Financing Solar (PV)

Financing Solar(PV) with the Energy Efficient Mortgage and/or the Full 203K

Energy Financing is an area that is full of confusion and misunderstandings; this is even more of an issue when it comes to Solar than any other segment.

Part of the issue is that many Loan Officers are just learning how these products work and are making statements that are not completely accurate as a result. There is a lot of misinterpretation regarding the Energy Efficient Mortgage (EEM), Full 203K loan, and the Streamline 203K loan. This has significant implications when it comes to Solar.

To make this very clear, Solar may be financed in the EEM and the Full 203K, but it cannot be included in the Streamline203K. Since very few Loan Officers have access to the Full 203K it is important that you locate someone who offers and understands that product.

One of the challenges with financing Solar has always been the restrictions that Appraisers have that generally limit their ability to recognize the full value the system adds.

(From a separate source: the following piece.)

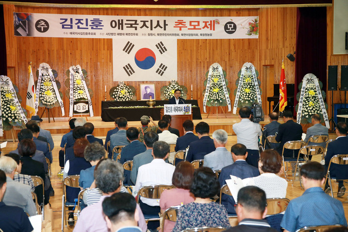 김진훈 애국지사 추모제(회장 박영복)는 15일 의창구 북면 창북중학교대강당에서 허성무 창원시장, 국회의원, 도·시의원, 기관단체장, 유족 등 200여명이 참석한 가운데 엄숙히 열렸다.
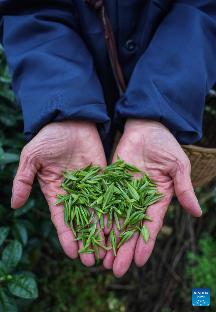 A farmer displays freshly-picked tea leaves at a tea garden in Wangzhai Town of Wuyi County, Jinhua City, east China's Zhejiang Province, March 5, 2025. As spring unfolds, tea gardens across Wuyi County have entered the harvest season. In recent years, Wuyi County has advanced the tea industry as its pillar industry. By the end of 2024, the total area of tea plantation in Wuyi County has reached 125,700 mu (approximately 8,380 hectares). More than 60,000 farmers have directly benefited from tea-related businesses. (Xinhua/Xu Yu)

With the Full 203K the buyer can actually exceed the appraised value by 6.15% for their base loan. (In the case of a refinance, under some circumstances, the after improved appraisal can be exceeded by as much as 7.5%.) This is better than it sounds though, because they were limited to 96.5% if they were doing a basic FHA loan. Consequently, they are able to include almost 10% of the sales price or appraised value for a solar system without any additional value being factored in for the solar system.

If the Appraiser is able to give some value to the Solar System, this will increase the amount they can finance even further. By coupling a Full 203K with an EEM though, they can add another 5% beyond the appraised value for the Solar System. One additional benefit here is that the After Improved Value is used as the basis for the 5% allowed for the EEM. (Please refer to the EEM fact Sheet for additional information, considerations, and restrictions relating to this program.)

With an Energy Efficient Mortgage (EEM) up to 5% of the Sales Price (or Appraised Value if lower) may be added for qualifying energy upgrades. A HERS II audit must be performed to determine the projected energy savings in relation to the mortgage payment increase to accommodate this additional financing amount. The HERS II allows renewable energy sources to be incorporated.

When you combine the EEM with the 203K you can finance a pretty comprehensive Solar Package with no appraisal limitations and very little additional expense or up-front cost to the buyer. If this is done within the HERE model, the buyer could actually receive a rebate that is substantially greater than the additional amount they had to contribute. (Please remember that the information I am showing you here can be applied with or without the HERE model, but the specific requirements of the applicable utility provider must be met for the customer to receive the rebates under that approach.)

Let me give you a basic example; I am going to use the PG&E structure in this example. Without the PG&E rebates available within the HERE model I have spelled out on this site, everything else would still be applicable.

Without the Energy Package:

Sales Price $200,000

Required Down Payment $7,000

Minimum Appraisal Needed $200,000

With a $26,000 Solar Energy Package

Sales Price $200,000

Included in 203K $20,000

(Includes a Contingency Reserve for unanticipated costs)

Included in EEM $10,000

Required Down Payment $7,700

(100% of qualifying EEM items may be financed)

Minimum Appraisal Needed $200,000

Utility Rebate $4,000

(Based on meeting the energy reduction level required)

In this scenario the Buyer would have to contribute an additional $700 in Down Payment and there would slightly higher closing costs, but they could potentially receive $4,000 in rebate. This is not even considering the other rebates and tax credits that may apply. The appraisal would not have to be increased.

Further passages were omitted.